BB_{ω}(n) = BB_{k}(n)

And define:

BB_{FGH}(n)

As a hierarchy of functions that collapse in the same way that the FGH does by repeating this process of super machines (where you'd replace FGH with the symbol expanded).

Send:

BB_{Γ_0}({ZF+Con(ZF)}_{10}(10))

### Re: My Number is Bigger (Crazy Edition)

Posted: **Thu Dec 17, 2015 12:22 pm UTC**

by **WarDaft**

Aha, the oracle machines show up. Oracle is the word your looking for, when you give a Turing Machine the ability to solve the halting problem.

I'm very sorry Vytron, but that's actually smaller than {ZF+Con(ZF)}_{11}(10). {ZF}_{10}(10) already includes statements which describe oracle Turing machines. In fact {ZF}_{0}(77^{77}) will already be able to define oracle machines that complicated.

Actually, now that I think about it, I was wrong, {ZF+Con(ZF)}_{10}(10) isn't any bigger than {ZF}_{10}(10). Since the +Con(ZF) only adds to our ability to prove things true rather than our ability to define things, and the wording of the {A}x(B) system does not constrain to statements which can be proven true.

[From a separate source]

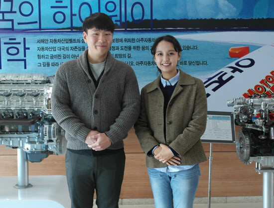 지난 10여 년간 자동차를 중심으로 특성화를 추진해 온 아주자동차대학은 높은 교육성과와 교육의 질, 취업률을 토대로 대다수 정부 재정 지원 사업에 선정되며 그 이름을 널리 알리고 있다. 문상선(자동차제어및진단기술전공 2학년), 정연지(자동차디자인전공 2학년) 씨에게서 아주자동차대학만의 특별한 점을 들어봤다.

The more that I think about it, the less sure I am that this is well defined at all! If we have ZF+A and ZF+B, where A and B are each independent of ZF, it is possible for different statements to be true in each. With a different set of true statements, the numbers that you can define in a given set of symbols will be different. Thus, without requiring that they are provable in ZF, I think we have allowed ourselves to include statements whose truth is not decided.

But I'm not actually a mathematician so...

Let [A|k] be the largest recursive ordinal provably well founded in system A that can be defined in at most k symbols.

{ZF}[ZF|10^{10}](10)

### Re: My Number is Bigger (Crazy Edition)

Posted: **Thu Dec 17, 2015 12:40 pm UTC**

by **Vytron**

I see...

Well, oracles have to do something somewhere, don't they?

{ZF}[ZF|BB_{Γ_0}(10)](10)

Just because, it'd be mind-boggling if this wasn't much bigger than your number.

### Re: My Number is Bigger (Crazy Edition)

Posted: **Thu Dec 17, 2015 12:44 pm UTC**

by **WarDaft**

Oh, yes, that's defnitely bigger. The thing was you used one on an older number that had a 10 in it rather than an 11, and you applied it to the final value, which wasn't enough to overcome the bump to 11.

### Re: My Number is Bigger (Crazy Edition)

Posted: **Sun Dec 20, 2015 7:33 pm UTC**

by **WarDaft**

Well, in the interest of keeping things rolling...

Since {ZF}0(n) grows faster than BB_{a}(n) for any recursively defined, naturally the next stop on the crazy train is {ZF}[ZF|{ZF}_{0}(10^{10})](10)

### Re: My Number is Bigger (Crazy Edition)

Posted: **Sun Dec 20, 2015 7:54 pm UTC**

by **emlightened**

Send: {ZF}[ZFC|77^{12}](12^{77})

Much smaller than {ZFC}_{0} (asymtotically).

### Re: My Number is Bigger (Crazy Edition)

Posted: **Thu Jan 14, 2016 7:58 pm UTC**

by **Keyboard masher**

{PRA}[ZFC|{ZFC}

_{g_65}(100)](100000000000000000000000000000)!

Where PRA stands for primitive recursive arithmetic. Because why not

### Re: My Number is Bigger (Crazy Edition)

Posted: **Thu Jan 14, 2016 8:46 pm UTC**

by **emlightened**

Coming back here, I feel disappointed that I missed out Z_{2} and KP.

I initially missed that your number was lower-bounded by {ZFC}g_65(100), and started explaining why it was so small. My bad.

Also: welcome to the forums!

{ZFC}_{[PRA|200]}(200)

### Re: My Number is Bigger (Crazy Edition)

Posted: **Sun Jan 17, 2016 6:07 pm UTC**

by **Keyboard masher**

{ZFC}_{[PRA|200]}(200)!

Yes, that's factorial.

@emlightened Thanks!